А каким неуютом веет от самих шизофреников! Потрясающим. Мне не доводилось общаться с инопланетянами, но, говорил я себе, я почти уверен, что среди них буду вести себя намного естественнее, чем здесь, среди бедных, несчастных шизофреников. Я прилагал огромное усилие, чтобы их любить. И для меня такое усилие любить или, по крайней мере, пытаться полюбить этих абсолютно чужих людей становилось моим Искуплением. Потому что больные для меня были сосудом, который я наполнял своей виной. И они многое вмещали. Они и их отталкивающе неуютные картины. Шизофреники рисовали так же, как и жили: в смутной лихорадке и холодном отчуждении. В безразличии к нашему миру.
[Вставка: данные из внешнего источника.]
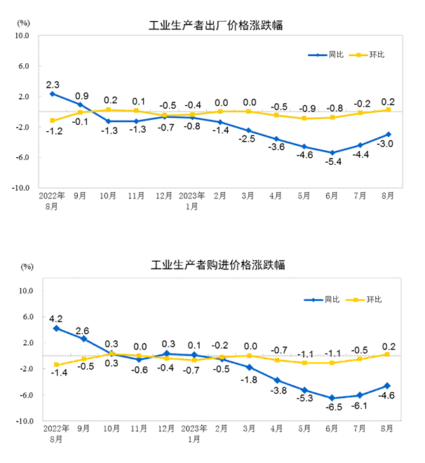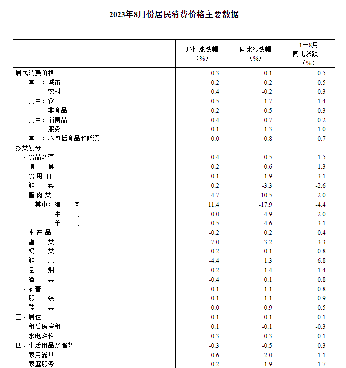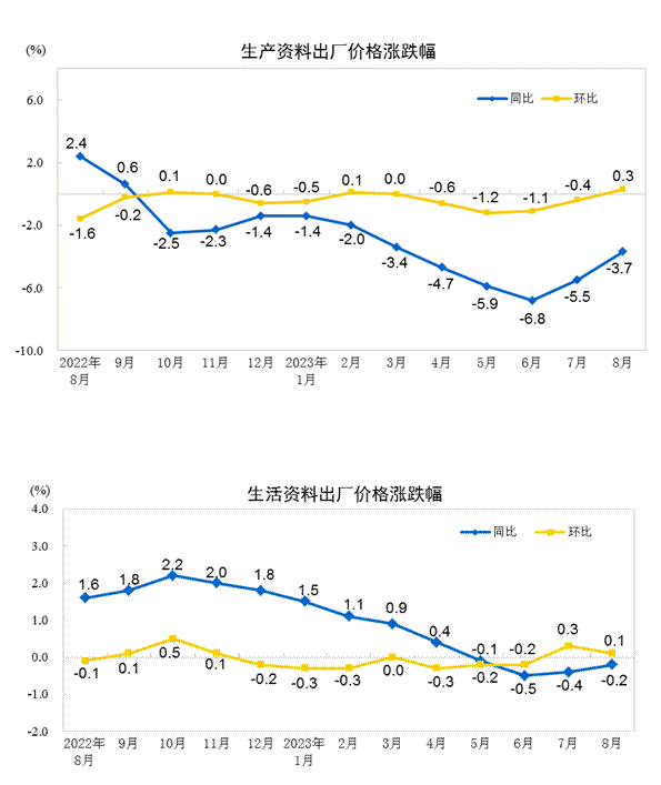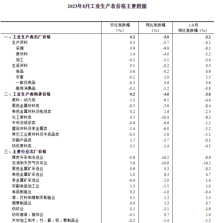 2023年8月份居民消费价格同比上涨0.1% 环比上涨0.3% 2023年8月份,全国居民消费价格同比上涨0.1%。其中,城市上涨0.2%,农村下降0.2%;食品价格下降1.7%,非食品价格上涨0.5%;消费品价格下降0.7%,服务价格上涨1.3%。1--—8月平均,全国居民消费价格比上年同期上涨0.5%。 8月份,全国居民消费价格环比上涨0.3%。其中,城市上涨0.2%,农村上涨0.4%;食品价格上涨0.5%,非食品价格上涨0.2%;消费品价格上涨0.4%,服务价格上涨0.1%。 ![]() 一、各类商品及服务价格同比变动情况 8月份,食品烟酒类价格同比下降0.5%,影响CPI(居民消费价格指数)下降约0.14个百分点。食品中,畜肉类价格下降10.5%,影响CPI下降约0.36个百分点,其中猪肉价格下降17.9%,影响CPI下降约0.28个百分点;鲜菜价格下降3.3%,影响CPI下降约0.07个百分点;蛋类价格上涨3.2%,影响CPI上涨约0.02个百分点;鲜果价格上涨1.3%,影响CPI上涨约0.03个百分点;粮食价格上涨0.6%,影响CPI上涨约0.01个百分点。 其他七大类价格同比五涨两降。其中,其他用品及服务、教育文化娱乐、医疗保健价格分别上涨3.8%、2.5%和1.2%,衣着、居住价格分别上涨1.1%和0.1%;交通通信、生活用品及服务价格分别下降2.1%和0.5%。 ![]() 二、各类商品及服务价格环比变动情况 8月份,食品烟酒类价格环比上涨0.4%,影响CPI上涨约0.10个百分点。食品中,蛋类价格上涨7.0%,影响CPI上涨约0.05个百分点;畜肉类价格上涨4.7%,影响CPI上涨约0.14个百分点,其中猪肉价格上涨11.4%,影响CPI上涨约0.13个百分点;鲜果价格下降4.4%,影响CPI下降约0.09个百分点。 其他七大类价格环比四涨一平两降。其中,交通通信、教育文化娱乐价格分别上涨1.0%和0.2%,居住、医疗保健价格均上涨0.1%;其他用品及服务价格持平;生活用品及服务、衣着价格分别下降0.3%和0.1%。 ![]() ![]() ![]() 附注 1.指标解释 居民消费价格指数(Consumer Price Index,简称CPI)是度量居民生活消费品和服务价格水平随着时间变动的相对数,综合反映居民购买的生活消费品和服务价格水平的变动情况。 2.统计范围 居民消费价格统计调查涵盖全国城乡居民生活消费的食品烟酒、衣着、居住、生活用品及服务、交通通信、教育文化娱乐、医疗保健、其他用品及服务等8大类、268个基本分类的商品与服务价格。 3.调查方法 采用抽样调查方法抽选确定调查网点,按照“定人、定点、定时”的原则,直接派人到调查网点或从互联网采集原始价格。数据来源于全国31个省(区、市)约500个市县、近10万家价格调查点,包括商场(店)、超市、农贸市场、服务网点和互联网电商等。 4.数据说明 由于“四舍五入”原因,有时会出现合计数据与分类数据高值或低值相同的情况。 2023年8月份工业生产者出厂价格同比下降3.0% 环比上涨0.2% 2023年8月份,全国工业生产者出厂价格同比下降3.0%,环比上涨0.2%;工业生产者购进价格同比下降4.6%,环比上涨0.2%。1—8月平均,工业生产者出厂价格比上年同期下降3.2%,工业生产者购进价格下降3.6%。 ![]() 一、8月份工业生产者价格同比变动情况 工业生产者出厂价格中,生产资料价格下降3.7%,影响工业生产者出厂价格总水平下降约2.90个百分点。其中,采掘工业价格下降9.9%,原材料工业价格下降4.0%,加工工业价格下降3.1%。生活资料价格下降0.2%,影响工业生产者出厂价格总水平下降约0.05个百分点。其中,食品价格下降0.2%,衣着价格上涨1.0%,一般日用品价格上涨0.6%,耐用消费品价格下降1.2%。 ![]() 工业生产者购进价格中,化工原料类价格下降10.4%,燃料动力类价格下降9.1%,建筑材料及非金属类价格下降6.0%,黑色金属材料类价格下降5.6%,农副产品类价格下降3.7%;有色金属材料及电线类价格上涨2.6%。 二、8月份工业生产者价格环比变动情况 工业生产者出厂价格中,生产资料价格上涨0.3%,影响工业生产者出厂价格总水平上涨约0.21个百分点。其中,采掘工业价格上涨0.9%,原材料工业价格上涨1.4%,加工工业价格下降0.2%。生活资料价格上涨0.1%,影响工业生产者出厂价格总水平上涨约0.02个百分点。其中,食品价格上涨0.6%,衣着价格下降0.2%,一般日用品价格下降0.3%,耐用消费品价格下降0.1%。 工业生产者购进价格中,农副产品类价格上涨1.7%,燃料动力类价格上涨1.1%,化工原料类价格上涨0.5%,有色金属材料及电线类价格上涨0.2%;建筑材料及非金属类价格下降1.4%,黑色金属材料类价格下降0.5%。 ![]() ![]() 附注 1.指标解释 工业生产者价格指数包括工业生产者出厂价格指数(Producer Price Index for Industrial Products, 简称PPI)和工业生产者购进价格指数。 工业生产者出厂价格指数反映工业企业产品第一次出售时的出厂价格的变化趋势和变动幅度。 工业生产者购进价格指数反映工业企业作为中间投入产品的购进价格的变化趋势和变动幅度。 2.统计范围 工业生产者出厂价格统计调查涵盖40个工业行业大类、1300多个基本分类的工业产品价格;工业生产者购进价格统计调查涵盖9大类、800多个基本分类的工业产品价格。 3.调查方法 工业生产者价格调查采取重点调查与典型调查相结合的调查方法,涉及全国4万多家工业企业。 4.统计标准 工业行业划分标准的依据是《国民经济行业分类》(GB/T4754-2017)。 5.数据说明 由于“四舍五入”原因,有时会出现合计数据与分类数据高值或低值相同的情况。部分分类或行业价格变动幅度较小,按“四舍五入“保留1位小数后涨跌幅为0,在表述价格变动情况时视

Я бы мог рассуждать об эмоциональном отчуждении при шизофрении, но это не было бы честным по отношению к несчастным шизофреникам. На них и без того клеймо. Конечно, их уже не клеймят так, как в Средние века клеймили колдунов и еретиков, теперь их всего лишь обвиняют в эмоциональной деградации, в мутации личности, в срыве воли и глубокой отрешенности. Я бы обвинять их не стал. Поэтому и на этот раз просто прошел мимо картин на стене, отмечая неприятное чувство, которое они всегда во мне оставляли. И вошел в кабинет.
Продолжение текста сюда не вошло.